When you should rent

Homeownership is not for everyone. Renting might make more sense for those who prefer to leave home maintenance to a landlord or property management companies. Of course, finances play a large role in choosing to become a tenant as well. Perhaps you would like to buy a house, but the cost of real estate in your area makes that harder to achieve. This often occurs when moving from a rural area to a new city. In this case, it could be smarter to rent and save for a time when the market is more conducive to buying.

It’s important to look at your potential monthly housing costs as a renter. The cost of renting may include more than just the actual monthly rent price, like utilities and any fees. Before moving into a rented space, it can help to create a projected monthly budget to see if it’s sustainable on your income. Here are few of the most common rental fees that should be budgeted into the potential cost of living in a rented space.

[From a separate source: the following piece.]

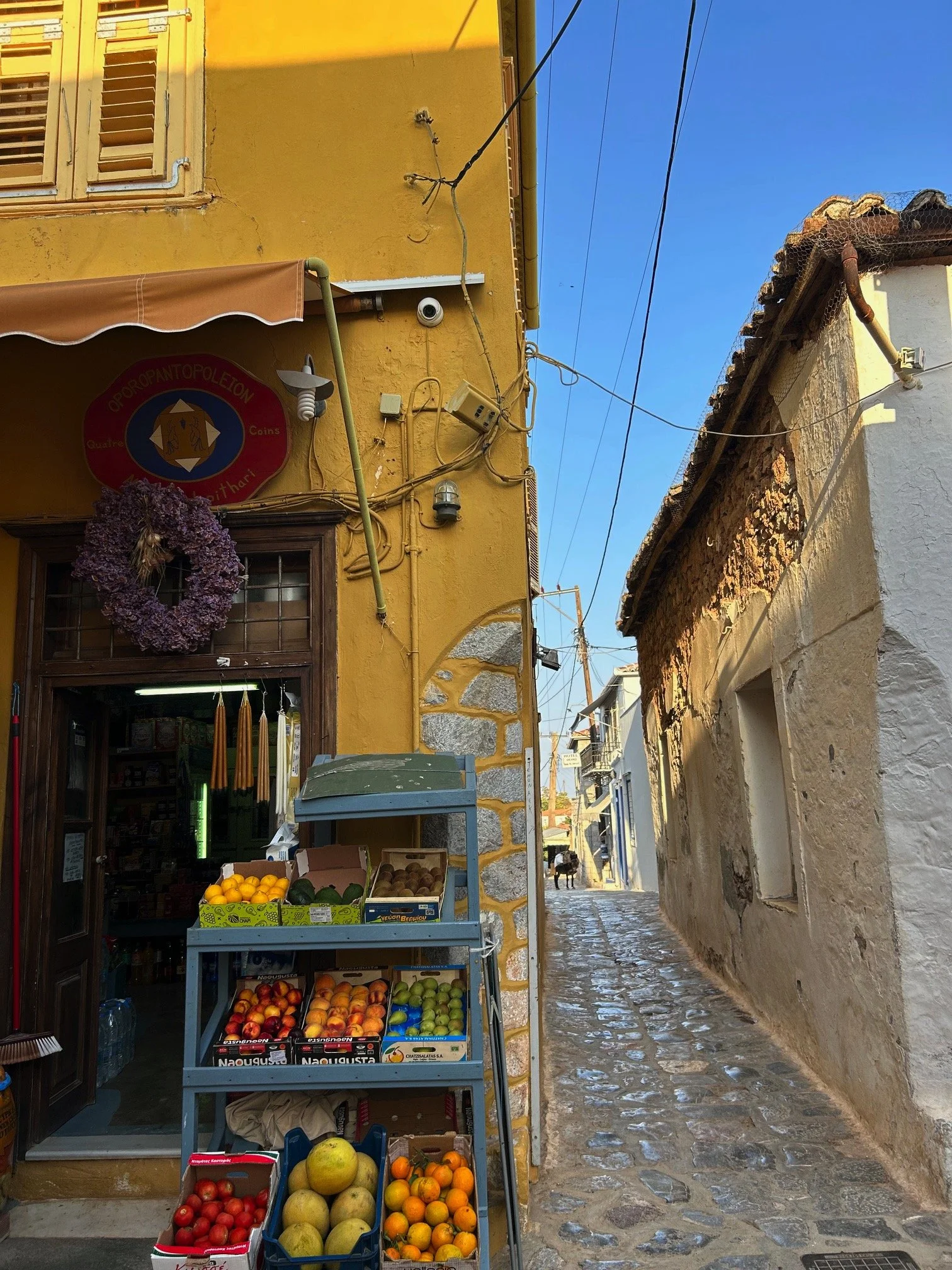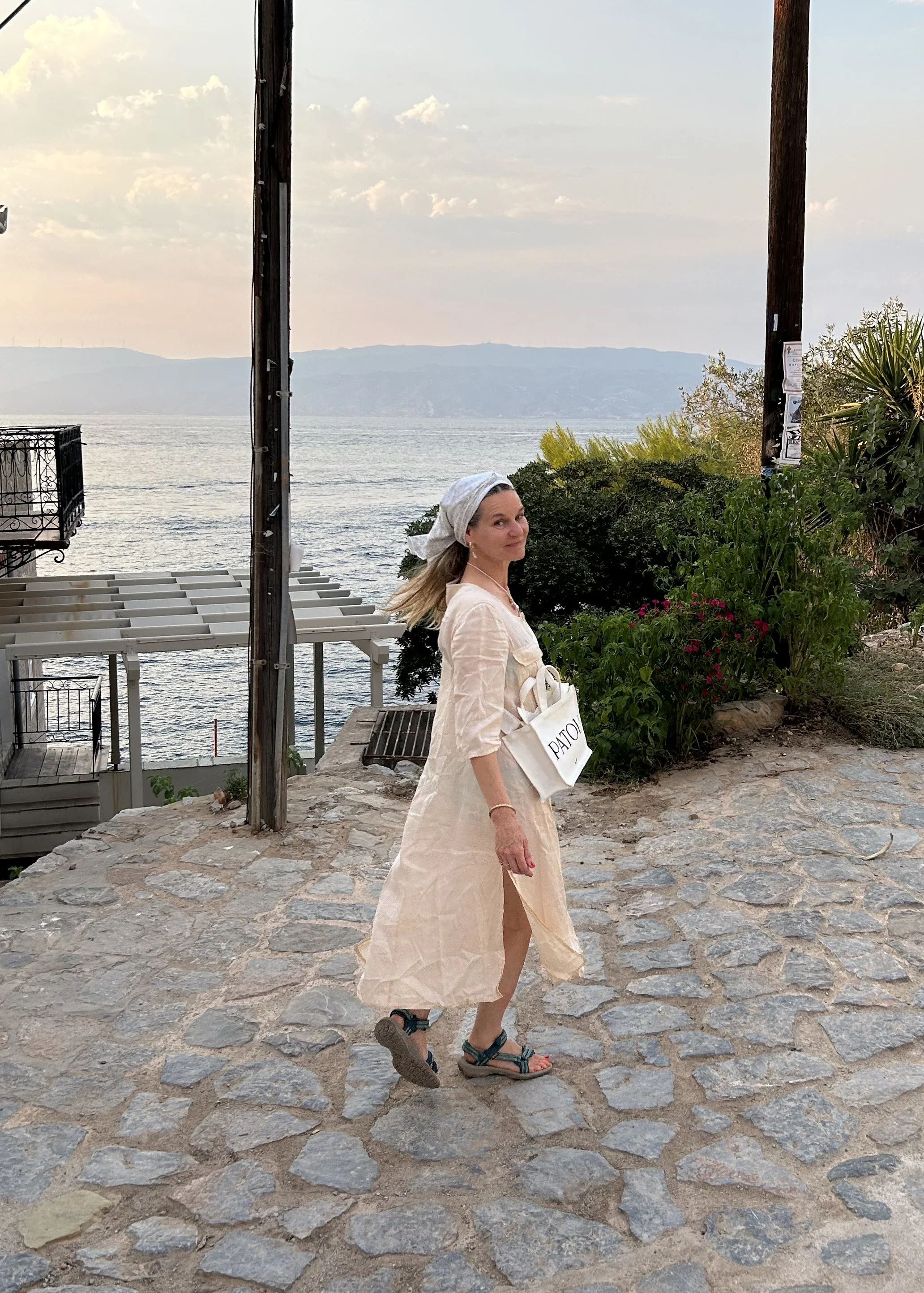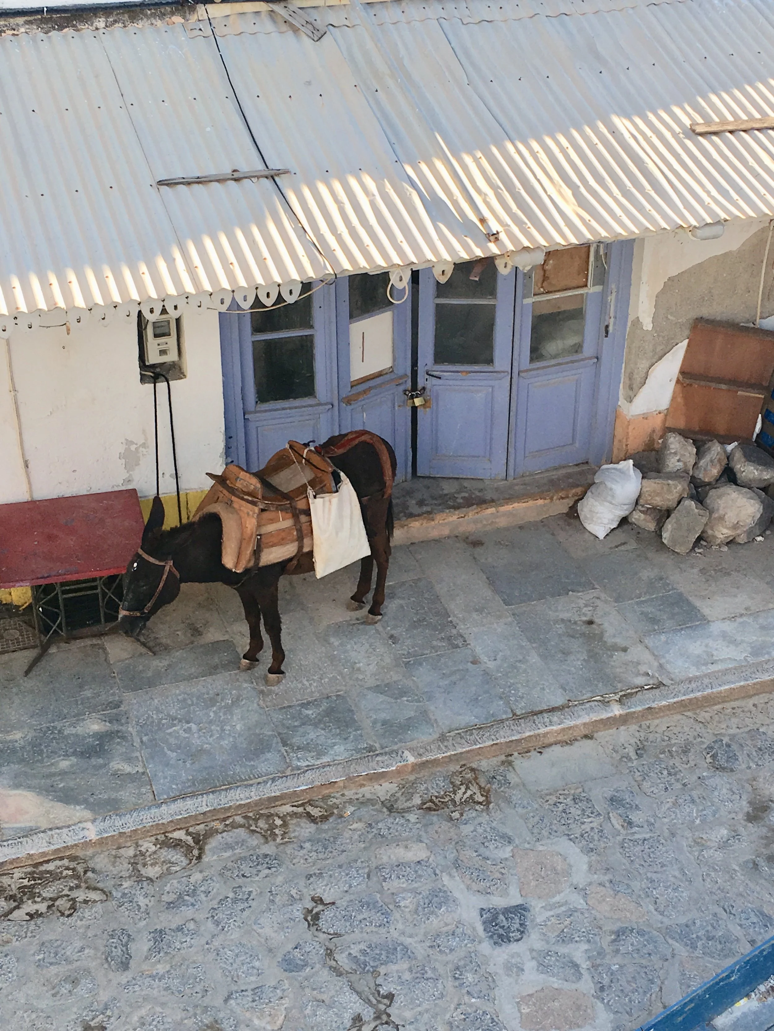 Schon von Ferne, übers Wasser kommend, die goldene Sonne sich drehen sehen, als sei kein Augenblick vergangen. Vom Schiff springen, rein in diesen fünfziger Jahre Hafen, mit dem Köfferchen vorbei an den Promenaden Cafés und den bepackten Eseln. Den Booten γεια zurufen, da seid ihr ja! Die Beine aufs warme Geländer am Spilia legen, zuschauen, wie die anderen von den Klippen springen, von denen schon Leonard Cohen ins Meer sprang. Mit der Morgensonne im Gesicht und dem zweiten Café Fredo in der Hand seelenruhig Charmian Clift lesen. Mit dem Bötchen zum Bisti Beach tuckern, schnorcheln, zwischen Pinien auf der Liege Wassermelone essen. Unter dem Orangenbaum im Garten vom Hotel Miranda sitzen und an Henry Miller denken. Einatmen und ausatmen, einatmen und ausatmen, auf und abseits der Matte. Sich morgens um acht so lang machen wie die Katzen auf den warmen Mauern. Bei Douskos an einem pickepackevollen Tisch sitzen, sich das Wasser im Mund zusammenlaufen lassen. Sich in den Klang der eigenen Schlappen auf den rutschigen Marmorgassen verknallen. In das Licht, bevor es hell wird und in das Licht, nachdem es dunkel wird. Spanakopita zum Frühstück und Gigantes zum Abendessen, oder andersrum. Oben beim Four Corners Supermarket Bienenwachskerzen kaufen und sich für eine Sekunde wie die junge Marianne fühlen. Auf dem Rückweg bei Rafalia dem launischen Apotheker einen Besuch abstatten, an jedem einzelnen seiner hausgemachten Parfums riechen und vielleicht kein einziges kaufen. Mit salzigen Haaren eine Kugel salted caramel bei En Plo essen, auf die Yachten glotzen und mit niemandem tauschen wollen. Bekloppt glücklich an der Windmühle vorbei bis nach Kamini laufen, um die Sonne bei Kodylenia's noch zu erwischen, bevor sie ins abgrundtiefe Meer fällt.

  • Application Fee and Security Deposit: Be sure to remember to budget in application fees, which can be a hidden cost that is easily overlooked. A security deposit is sometimes required in order for the landlord to have some money to deal with any damage.
  • Parking: Some apartments, townhomes and housing complexes charge a monthly or yearly parking fee, which varies depending on location.
  • Renter’s insurance: This is generally a low-cost requirement that benefits both the renter and the landlord in case of disaster during the lease term. Sometimes, renter’s insurance is not required, but it is still smart to get regardless.
  • Utilities: There is a large variety of costs associated with utilities, depending on location and ownership. Some utilities are included in rent, while others are paid separately by the renter. These can include electricity, gas, trash, internet, cable and water.
  • Laundry: Some rented spaces come with an in-house washer and dryer, but if the place you are looking to move into doesn’t, it is important to add in the cost of doing laundry.
  • Pet fee: If you have a furry friend, the cost of renting might go up. Some landlords or property owners require a one-time fee, while others ask for a monthly fee to be paid along with rent.

These costs don't usually change, and you can depend on your cost of living to stay predictable, which is often not the case for homeowners. Renting also offers benefits for those who move around often or otherwise don’t have a lifestyle that could support the time commitment of homeownership.

When to own: Can I afford a mortgage?

If you are seriously considering buying your next home, it can be useful to understand all the responsibilities and requirements of a homeowner. While owning a home can be a great asset to your financial portfolio, buying real estate is not right for everyone. Again, this is situational, and your personal goals, home location and finances should be taken into account. Be sure to take a look at your credit score and see what kind of loan you are qualified for.

The upfront cost of buying a house includes more than just the price tag on the house. Some of the other hidden fees that often come along with buying a house include service charges, pest inspections, survey fees, taxes, and escrow payments.

Alongside the home price, which can vary depending on location and age of the house, there are a number of other expenses that you should make room for while creating a monthly budget. Educate yourself about how to plan for the costs of owning your own home. Here is a short list of example items that should be included in the cost of homeownership:

  • Closing costs
  • Property taxes
  • Insurance
  • Landscaping
  • Plumbing
  • Professional repairs
  • Monthly mortgage payment

On top of monthly housing costs, take a look at whether you can afford to pay a monthly mortgage. Luckily, there are many different kinds of mortgages available for different circumstances. RMS knows that this can be confusing, but we can help you choose the mortgage that’s right for you. Be sure to keep your eye on changing mortgage interest rates, and leave room for expansion.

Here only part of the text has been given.